First, you can easily find SSE and MSE in the ANOVA table.
model= aov(Yield~ Fertilizer, data=df)
summary(model)
Df Sum Sq Mean Sq F value Pr(>F)
Fertilizer 2 207.68 103.84 394.3 <2e-16 ***
Residuals 27 7.11 0.26
The ANOVA table provide SSE value as 7.11, but MSE is calculated as SSE/(n-t)
, which is 7.11 / 27 (=30-3) ≈ 0.26, but as mentioned, for the Log-Likelihood, MSE will be calculated as 7.11/30 ≈ 0.237
To calculate the Log-Likelihood, R provides a simple code.
logLik(model)
'log Lik.' -20.97484 (df=4)
You can see the same value as what we calculate by hand. Therefore, we can verify the calculation for Log-Likelihood is correct.
df=4 correspond to one intercept parameter, two regression coefficients for the levels of the Fertilizer variable (with one level used as the reference category), and one variance parameter for the residuals.
Let’s understand how to calculate the Log-Likelihood manually. We’ll calculate it step by step in R, not simply using logLik(model)
.
residuals= resid(model)
SSE=sum(residuals^2)
MSE= SSE / length(df$Yield)
LL= -length(df$Yield)/2*(log(2*pi*MSE)) - SSE/(2*MSE)
cat("Log-likelihood:", LL, "\n")
Log-likelihood: -20.97484
Then, now we can calculate Akaike information criterion (AIC) and Bayesian Information Criterion (BIC).
The Akaike Information Criterion (AIC) is a statistical measure used to compare and evaluate different models based on their goodness of fit and complexity. It helps to identify the model that best balances fit (how well the model explains the data) and complexity (how many parameters the model uses).
The formula for AIC:
AIC= 2*k - 2*ln(L)
where:
k is the number of parameters in the model
ln(L) is the likelihood of the model
We already calculated Log-Likelihood, and k is 4 in the model. Also, given this, the number of parameters, k used in the AIC formula is 4
Therefore, AIC is calculated as 2*4 - 2*-20.97 = 49.94
let’s verify this value is correct using R.
AIC (model)
49.94968
My calculation is correct!!
Let’s calculate BIC. The Bayesian Information Criterion (BIC) is another model selection criterion, similar to the Akaike Information Criterion (AIC), but it applies a stronger penalty for models with more parameters. The goal of BIC, like AIC, is to balance model fit (how well the model explains the data) with model complexity (how many parameters the model uses).
The formula for BIC:
BIC= k*ln(n) - 2*ln(L)
where:
k is the number of parameters in the model
ln(L) is the likelihood of the model
n is the number of data points.
Again, we already calculated Log-Likelihood, and k is 4 in the model. Also, given this, the number of parameters, k used in the BIC formula is 4.

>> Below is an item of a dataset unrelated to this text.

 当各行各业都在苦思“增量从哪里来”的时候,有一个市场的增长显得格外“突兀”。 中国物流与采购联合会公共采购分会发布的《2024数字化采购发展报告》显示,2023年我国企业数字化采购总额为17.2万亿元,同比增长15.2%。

Therefore, AIC is calculated as 4*ln(30) - (2*-20.97) = 55.55
let’s verify this value is correct using R.
BIC (model)
55.55447
My calculation is correct!!
How about more factors are added?
The One-Way ANOVA model is the simplest model, but we’ll have more factors in the experimental fields. Let’s discuss again with another dataset.

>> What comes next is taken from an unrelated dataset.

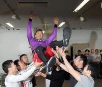 12R決勝を制し、優勝した武田豊樹は、カップを手にガッツポーズを見せる=松山競輪場(撮影・北村雅宏)

Cultivar= rep(c("CV1","CV2"),each=12)
Nitrogen= rep(rep(c("N0","N1","N2","N3"), each=3),2)
Block= rep(c("I","II","III"),8)
Yield= c (99, 109, 89, 115, 142, 133, 121, 157, 142, 125, 150, 139, 82, 104, 99, 117, 125, 127, 145, 154, 154, 151, 166, 175)

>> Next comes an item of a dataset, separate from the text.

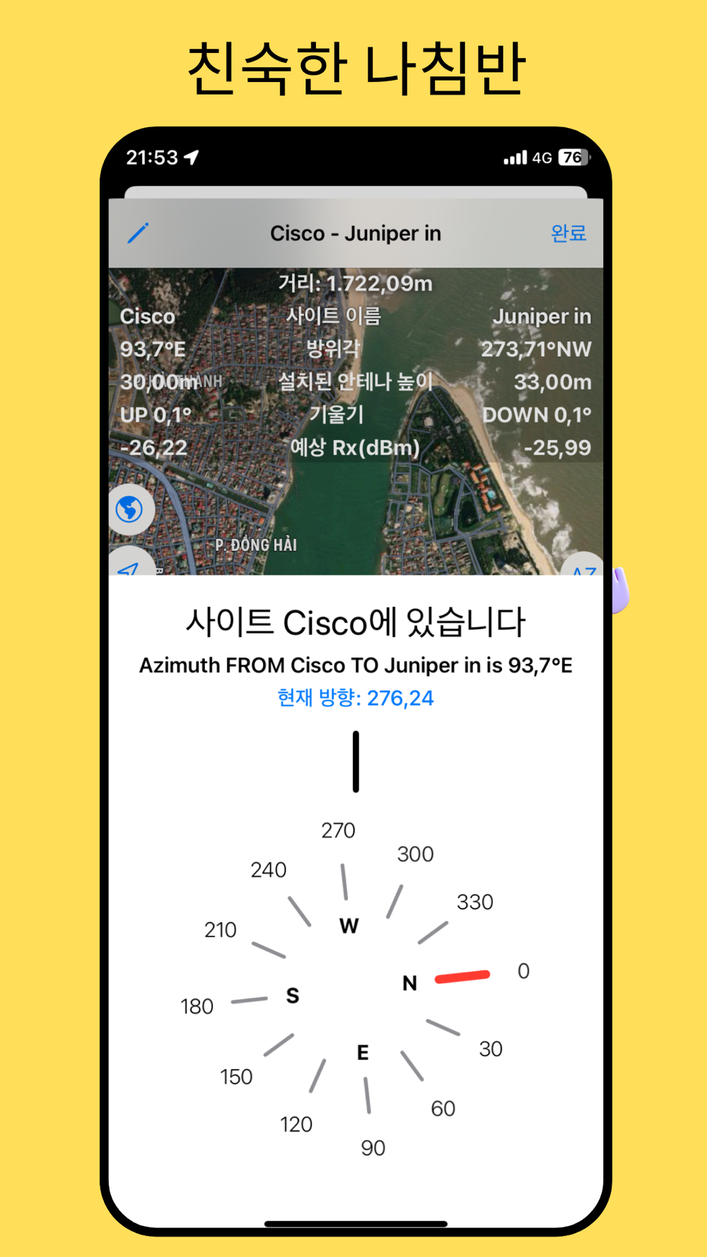 정확한 계산: 두 사이트 간의 거리, 방위각, 고도 및 중요한 프레넬 존을 즉시 계산하여 타워에 설치된 야외 장비의 정확한 위치를 보장합니다.

df= data.frame(Cultivar,Nitrogen,Block,Yield)
head(df[sample(nrow(df), 10), ])
Cultivar Nitrogen Block Yield
13 CV2 N0 I 82
17 CV2 N1 II 125
16 CV2 N1 I 117
18 CV2 N1 III 127
8 CV1 N2 II 157
21 CV2 N2 III 154
.
.
.
In this case, we want to analyze how yield is affected by nitrogen fertilizer across different genotypes. Both genotype and fertilizer would be treated as factors, while replicates are considered blocks, indicating a Randomized Complete Block Design (RCBD).
If you want to calculate the variation in the data for this Two-Way ANOVA with blocks in Excel, reading my previous post could help you understand the process behind these calculations.
■ Easy-to-Understand Guide to Factorial Experiments and Two-Way ANOVA
Now, I’ll analyze two-way ANOVA using R.
model= aov(Yield~ Cultivar+Nitrogen+Cultivar:Nitrogen+ factor(Block), data=df)
summary(model)
Df Sum Sq Mean Sq F value Pr(>F)
Cultivar 1 253 253 4.99 0.042327 *
Nitrogen 3 10695 3565 70.17 1.12e-08 ***
factor(Block) 2 1505 752 14.81 0.000351 ***
Cultivar:Nitrogen 3 1040 347 6.82 0.004604 **
Residuals 14 711 51
In this ANOVA table, you can find SSE, and calculate MSE. SSE is 711, and MSE will be 711/24 = 29.625
Then, we can calculate the Log-Likelihood
LL = (-24/2)*ln(2*3.14*29.625) - (1/(2*29.625))*711
≈ -74.72
The Log-Likelihood for this ANOVA model is around -74.71186. Let’s verify this value is correct using R.
logLik(model)
'log Lik.' -74.72217 (df=11)
df = 11 correspond to the following: one intercept parameter, one regression coefficient for the levels of the genotype variable (Cultivar, with one level used as the reference category), three regression coefficients for the levels of the nitrogen variable (Nitrogen, with one level used as the reference category), two regression coefficients for the levels of the block variable (Block, with one level used as the reference category), three regression coefficients for the interaction between the genotype and nitrogen variables (1 for the genotype × 3 for nitrogen, excluding reference levels), and one parameter for the residual variance.
Total Parameters:
1(Intercept)+1(Genotype)+3(Nitrogen)+2(Block)+3(Interaction)+1(Residual Variance)= 11
Again, let’s calculate manually using R.
residuals= resid(model)
SSE=sum(residuals^2)
MSE= SSE / length(df$Yield)
LL= -length(df$Yield)/2*(log(2*pi*MSE)) - SSE/(2*MSE)
cat("Log-likelihood:", LL, "\n")
Log-likelihood: -74.72217
My calculation is correct. Let’s calculate AIC and BIC.
AIC= 2*k - 2*ln(L) = 2*11 - 2*-74.72217
= 171.4443
BIC= k*ln(n) - 2*ln(L) = 11*ln(24) - 2*-74.72217
= 184.4029
Using R, I’ll check my calculation is correct.
AIC (model)
171.4443
BIC (model)
184.4029
From, now on you can calculate the Log-Likelihood, AIC and BIC when you see the ANOVA table.